Nath gave a couple of examples where they could not detect a virus — until autopsy. He aims to use a high-resolution 7-Tesla MRI machine to try to detect viruses in living brains.

If

 

For me, a characteristic feature of ME/CFS is that it can keep patients tremendously ill for decades without showing abnormalities in standard medical testing and, in many cases, without making patients progressively worse over time or causing some form of detectable degeneration in the brain. To me, that suggests that the cause is more likely to be internal signaling with feedback loops rather than an infection (which I see as a more chaotic and less stable process). If all of the illnesses caused by chronic viral infections don't look like ME/CFS or share some of its core features, then I would think this is quite relevant to the discussion.

I apologize in advance if I say stupid things! I don't know much about biology and am just thinking out loud.

 

I thought that in the cases of a well-adapted chronic infection the illness is significantly less severe than ME/CFS. And in cases where it gets as severe as ME/CFS it is usually a process that causes visible damage or makes patients progressively worse over time.

EDIT: so the fact that ME/CFS patients are kept in such a severe state for such a long time might not fit well with a chronic viral infection as a cause. That's sort of the idea that I was thinking of.

This is just a guess based on my limited knowledge. Hopefully, somebody could point to an example that doesn't fit this line of thinking.

 

I understand that I'm heading off-topic somewhat here but I think there is value in highlighting something that Karl Morton is interested in, which is L-form bacteria. If I'm remembering correctly, these are cell wall-less pathogens which are hard, or impossible, to detect using standard techniques. A company in the States was looking into the existence of these alongside chronic illnesses, such as FM and ME, and the, admittedly limited, results they have so far suggest that those with chronic illnesses also have higher numbers of L-form bacteria in their system.

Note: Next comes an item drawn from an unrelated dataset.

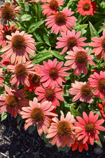 Summersong™ Firefinch™ Coneflower has masses of beautiful lightly-scented orange daisy flowers with red overtones and coppery-bronze eyes at the ends of the stems from mid summer to mid fall, which are most effective when planted in groupings. The flowers are excellent for cutting. Its pointy leaves remain green in color throughout the season.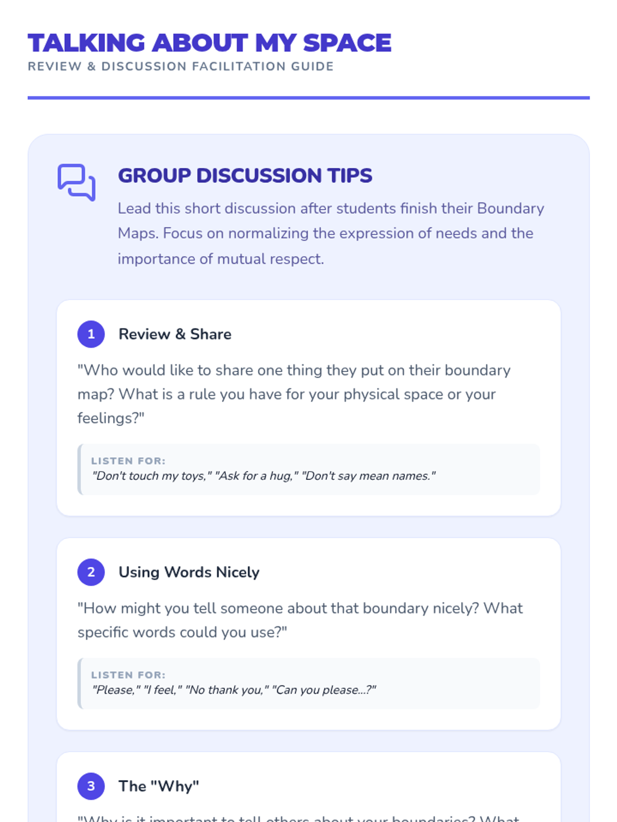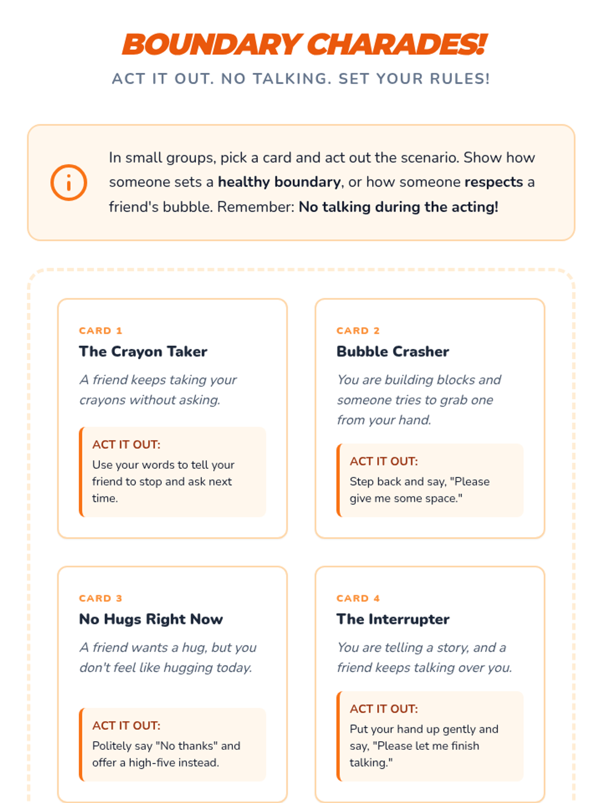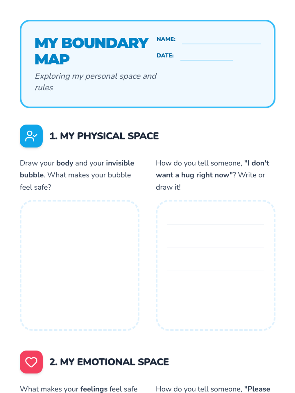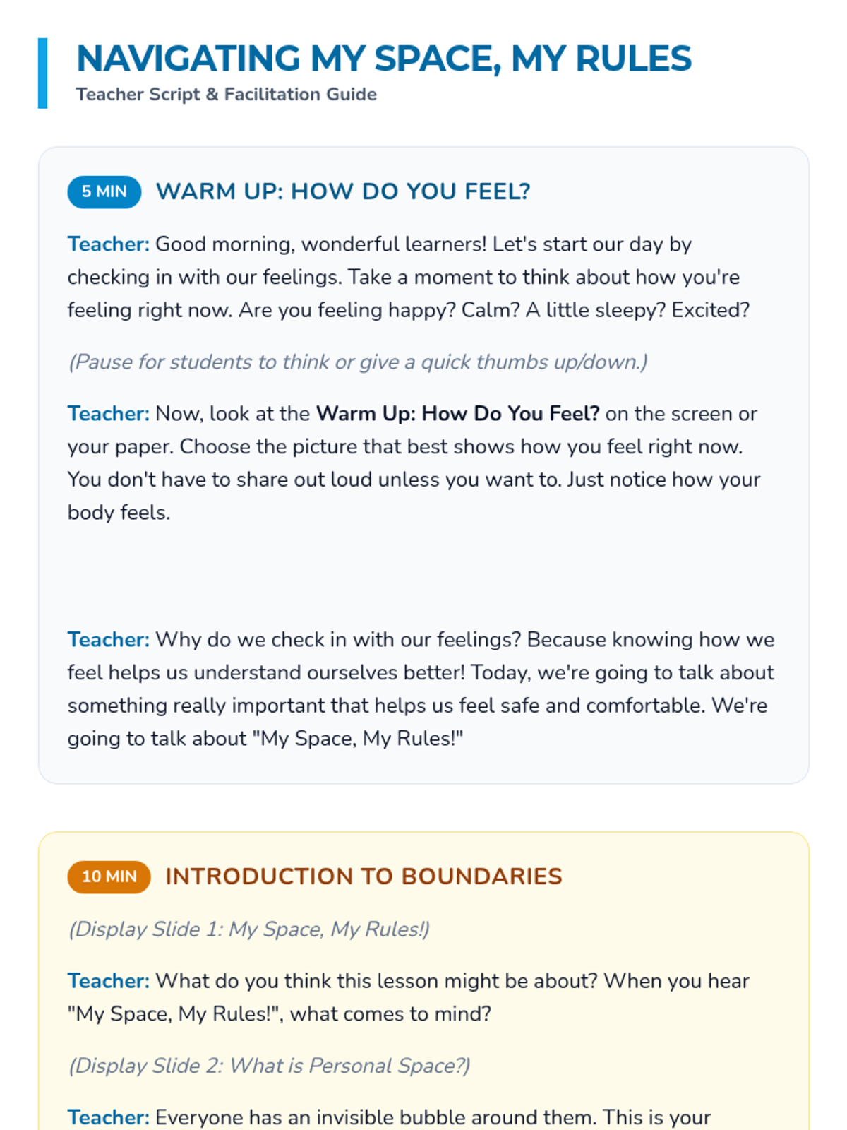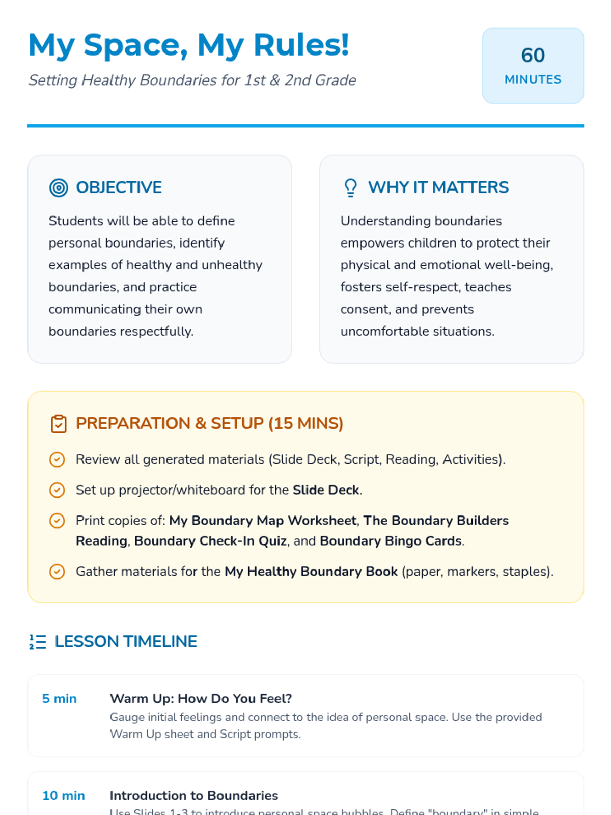 A 60-minute social-emotional learning lesson for 1st and 2nd graders on understanding personal space, setting healthy boundaries, and respecting others' limits. Students explore these concepts through a slide presentation, interactive story, role-playing charades, and creative mapping.

Obviously, like any new area of research, there is, for me, a reasonable question as to whether they have discovered something new, or if it's an artefact of the ways of testing that they use, or some other reason for not being the case.

But one hypothesis is that these L-form bacteria might be able to take advantage of a disruption of the immune system, such as a viral attack, which normally keeps them in check, and that they then multiply, causing increased issues.

And obviously if the focus, from the immune system and doctors, is on the viral attack, then no attention is paid to other pathogens. So perhaps Math should be looking for other, opportunistic, pathogens other than just viruses.

I'll try to return and add links to what research is out there on this later, can't do that at the moment.